3 minutes to read. By author Michaela Mora on October 3, 2013 Topics: Business Strategy, Market Research
The RFP process to buy market research services sometimes gives us a glimpse of what different clients value in a market research vendor.
The development of RFPs in our industry has come from the need to control quality and cost through detailed specifications of the mechanics inherent to the process (e.g. design, data collection method, sample size, incidence rates, tabulation format, reporting, etc.).
In many large companies, the process starts with an RFP sent to a list of market research vendors that are either part of an official, legally approved “Preferred Vendor List.”
If there is no such an official list, clients still tend to have a short unofficial list based on past work done by a group of vendors.
Once you get used to working with a particular market research vendor, uncertainty about what to expect is minimized and you can focus your attention elsewhere.
This works great if you partner with a market research vendor that can offer expertise and good customer service.
These market research vendor lists make the selection process easier for clients. Setting up a market research vendor in a company’s system can be a cumbersome process. It may drag for days or weeks if approval from different departments is required (e.g. marketing, procurement, legal, etc.).
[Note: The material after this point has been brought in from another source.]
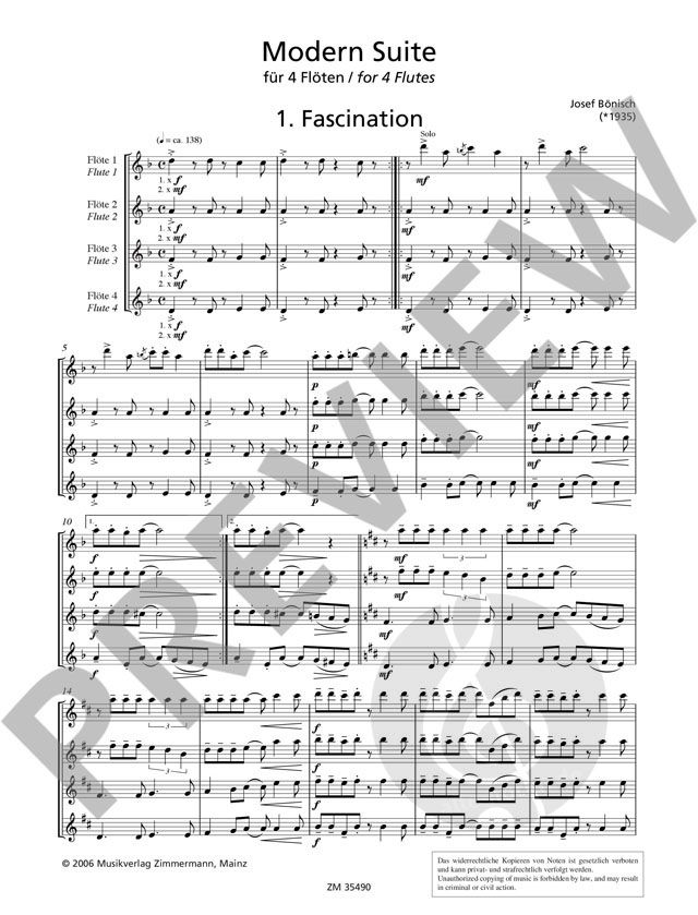 1. Flöte in C 2. Flöte in C 3. Flöte in C 4. Flöte in C 4. Stimme in Bb (Klarinette) ossia 4. Flöte

Although there are obvious advantages of having a preferred vendor list, this also has clear drawbacks. A company may be missing opportunities to do research with better and more innovative research approaches because:
Meeting the specs doesn’t guarantee quality. When you get proposals to an RFP with large differences in price, it would serve you well to question the proposals with the highest and the lowest price.
Differences in price from one proposal to another may be due to proposed different data collection methods (e.g. phone vs. online), but assuming the same methodology is used, in the majority of cases, the price is lower because something has been left out /reduced in scope.
Often you get analysts/programmers/project managers with less experience handling your project, or the whole project has been outsourced to a low-cost labor country. High prices are often tied to high overhead costs or having experienced researchers working on your project, or both.
I have met my share of clients who have never done market research and are really shocked by its cost. Someone even told me “how hard can it be to copy and paste questions in SurveyMonkey.” The easy access to technology gives a false impression that minimal knowledge, if any, is needed to do market research.
I have also met those who know about market research but are so driven by budgets that they select the cheapest proposal to later regret it. Many end up spending more to redo the work.
Again, in our field, standardization doesn’t guarantee quality. During my years working on the client-side I learned that experience, customer service, and empathy from the vendor were the key attributes in a market research vendor that benefited me as a client the most and helped the market research function at my company to do a great job.